Читаем Страх и наваждения полностью

– Тебе не кажется, что это… – он чуть не сказал: национализм, но удержался, прикусил язык. Мать легко отопрется, дезавуирует обвинение. Его мать убеждена: национализм – ярлык, намертво приклеенный к немцам. То же самое – оккупация. «Мы не оккупируем, мы освобождаем».

Помедлив, он не закончил начатую фразу.

Даже не обиделась. Глянула как на дурачка. На лице написано печатными буквами (он прочел, словно вернулся в детство): я – советский человек, советские люди – интернационалисты.

В детстве, пока родительскую жизнь не накрыло дачей, каждое лето всей семьей отдыхали в какой-нибудь союзной республике, в Молдавии или на Украине, – когда отчим говорил: «на югах», мать испуганно вскидывала брови. В памяти остались Чобручи – богатое молдавское село. Хозяйка – одинокая слепая старуха день деньской сидела за занавеской; что-то бормотала. Наружу она не выходила. Разве что ночью, когда другие спят… Поблизости протекала широкая река; берег, покрытый маками. Вспоминая маки, мать называла их красными («Красный мак» – ее любимые конфеты); он настаивал: алые. Как капельки крови. На берегу они были одни – местные купаться не ездили, свободное время проводили во дворах – сидели под раскидистыми шелковицами, пили сладкие молдавские вина. Хотя откуда ему знать, что они там пили и ели?

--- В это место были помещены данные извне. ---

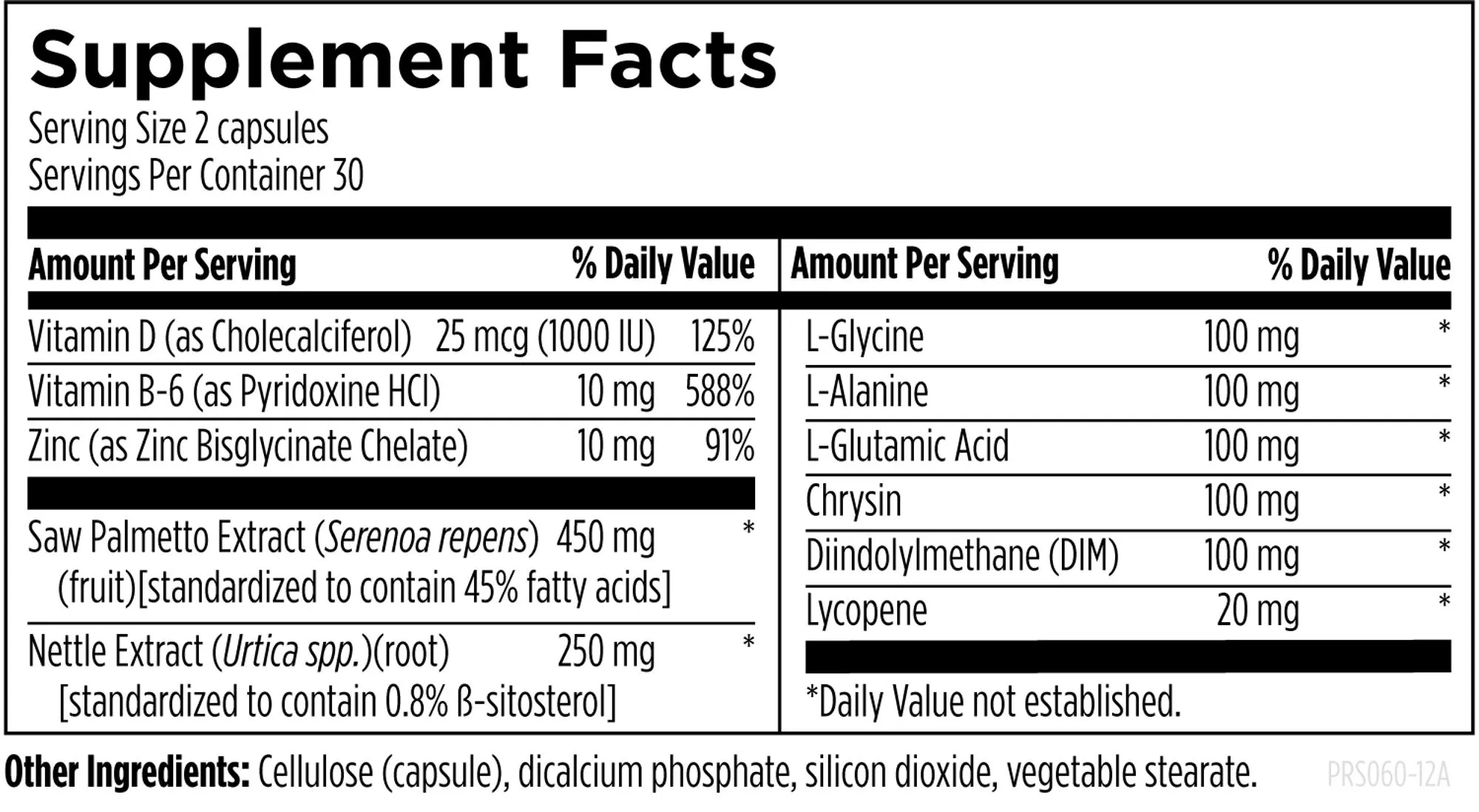 Vitamin D (as Cholecalciferol) (1000 IU), Vitamin B-6 (as Pyridoxine HCl), Zinc (as Zinc Bisglycinate Chelate), Saw Palmetto (Serenoa repens)(fruit) [standardized to contain 45% fatty acids], Nettle (Urtica spp.)(root) [standardized to contain 0.8% β-sitosterol], L-Glycine, L-Alanine, L-Glutamic Acid, Chrysin, Diindolylmethane (DIM), Lycopene, Gelatin (capsule), dicalcium phosphate, silicon dioxide, vegetable stearate.

Его родители ни с кем не общались. Кроме слепой хозяйки – ее глухого бормотания на чужом невнятном наречии, – в памяти никто не задержался; словно их и не было: ни взрослых, ни детей.

С детьми ему позволили играть года через два. Уже на Украине. В отличие от Чобручей, Болград назывался городом. Мать поджимала губы; на ее бледном ленинградском лице было написано: село (той весной он научился читать, складывать буквы).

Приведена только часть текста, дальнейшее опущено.